- [Try it]
Would you output the entries below only from the line containing "Bett im Beachbungalow" through the line containing "Black and White", exactly as they stand and with both ends included?

- [Input]
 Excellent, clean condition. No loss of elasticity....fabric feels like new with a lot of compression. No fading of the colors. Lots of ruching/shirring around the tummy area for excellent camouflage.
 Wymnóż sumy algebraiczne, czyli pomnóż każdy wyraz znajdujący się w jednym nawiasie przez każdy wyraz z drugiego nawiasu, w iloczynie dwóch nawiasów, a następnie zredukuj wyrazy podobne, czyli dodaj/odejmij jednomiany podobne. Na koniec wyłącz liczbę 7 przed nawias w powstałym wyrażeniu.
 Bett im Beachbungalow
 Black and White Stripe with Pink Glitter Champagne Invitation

---

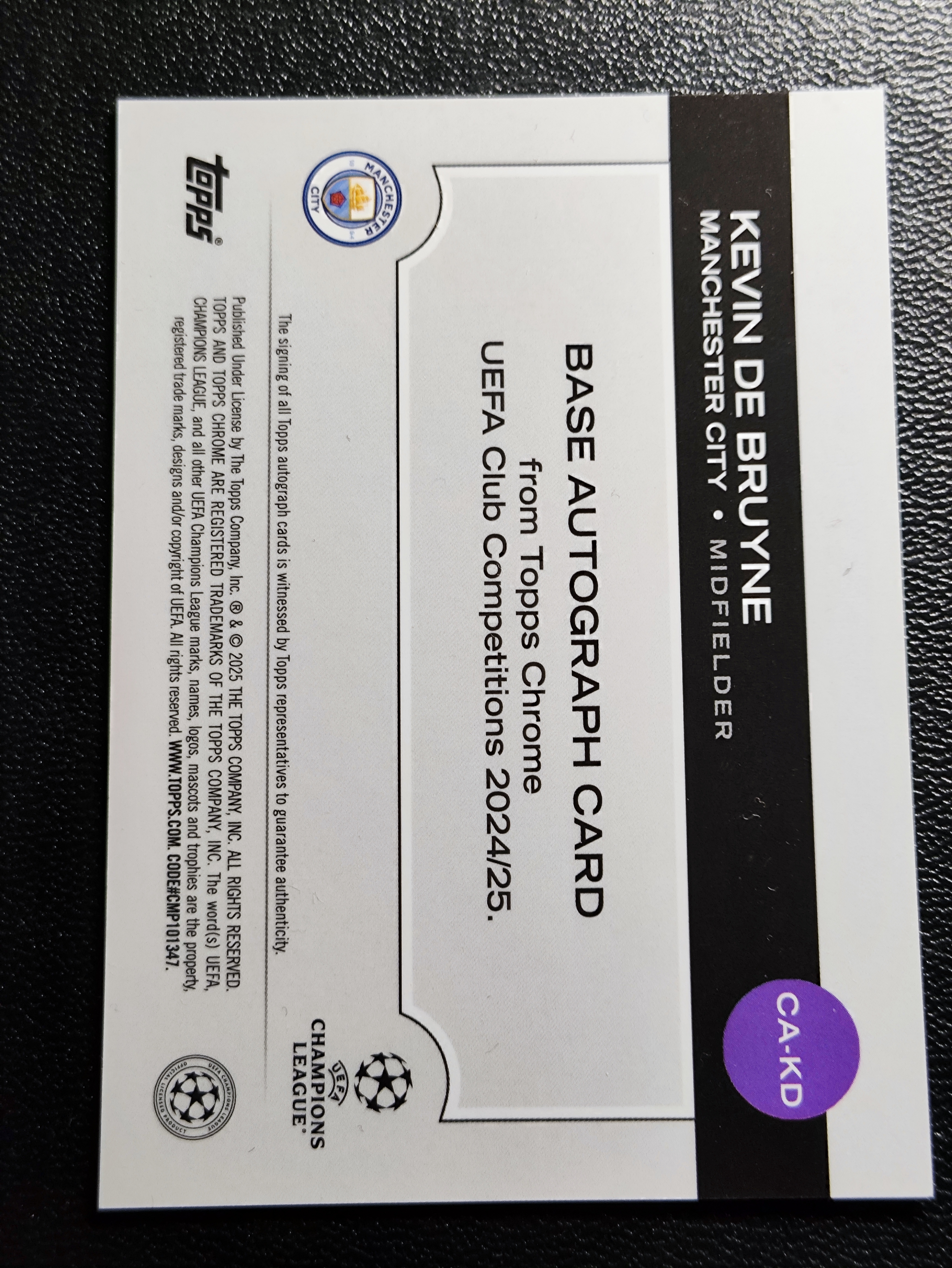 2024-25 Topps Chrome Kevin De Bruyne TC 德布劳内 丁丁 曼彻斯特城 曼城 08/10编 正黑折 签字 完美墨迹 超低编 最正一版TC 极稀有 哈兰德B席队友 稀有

- [Task result]
 Bett im Beachbungalow
 Black and White Stripe with Pink Glitter Champagne Invitation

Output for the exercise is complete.